[ABOUT THIS TASK]: The line with "1、打开微米的浏览器,需要在首页找到并点击要下载的视频,进入视频播放的界面。", the line with "2014年6月22日上午10", and all lines between them in the material below: return these exactly, and no others.

[DATA FOR PROCESSING]:
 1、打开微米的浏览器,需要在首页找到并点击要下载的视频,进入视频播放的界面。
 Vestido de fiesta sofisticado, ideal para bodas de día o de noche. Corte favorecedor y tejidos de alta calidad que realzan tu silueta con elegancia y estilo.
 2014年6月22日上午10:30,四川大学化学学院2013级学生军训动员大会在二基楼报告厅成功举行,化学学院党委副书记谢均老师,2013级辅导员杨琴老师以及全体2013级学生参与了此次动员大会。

---

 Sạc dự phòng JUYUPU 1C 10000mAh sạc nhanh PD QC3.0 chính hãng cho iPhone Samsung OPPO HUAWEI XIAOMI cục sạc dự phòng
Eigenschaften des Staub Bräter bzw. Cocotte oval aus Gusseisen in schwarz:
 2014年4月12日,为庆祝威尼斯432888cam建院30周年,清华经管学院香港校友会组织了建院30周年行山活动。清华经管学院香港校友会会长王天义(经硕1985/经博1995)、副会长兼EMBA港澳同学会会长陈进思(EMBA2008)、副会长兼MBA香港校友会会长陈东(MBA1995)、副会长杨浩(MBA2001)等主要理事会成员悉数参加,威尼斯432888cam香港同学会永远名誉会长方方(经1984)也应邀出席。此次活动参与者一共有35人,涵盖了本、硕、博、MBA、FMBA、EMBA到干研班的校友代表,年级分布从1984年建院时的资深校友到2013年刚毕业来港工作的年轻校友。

[PROBLEM SOLUTION]:
 1、打开微米的浏览器,需要在首页找到并点击要下载的视频,进入视频播放的界面。
 Vestido de fiesta sofisticado, ideal para bodas de día o de noche. Corte favorecedor y tejidos de alta calidad que realzan tu silueta con elegancia y estilo.
 2014年6月22日上午10:30,四川大学化学学院2013级学生军训动员大会在二基楼报告厅成功举行,化学学院党委副书记谢均老师,2013级辅导员杨琴老师以及全体2013级学生参与了此次动员大会。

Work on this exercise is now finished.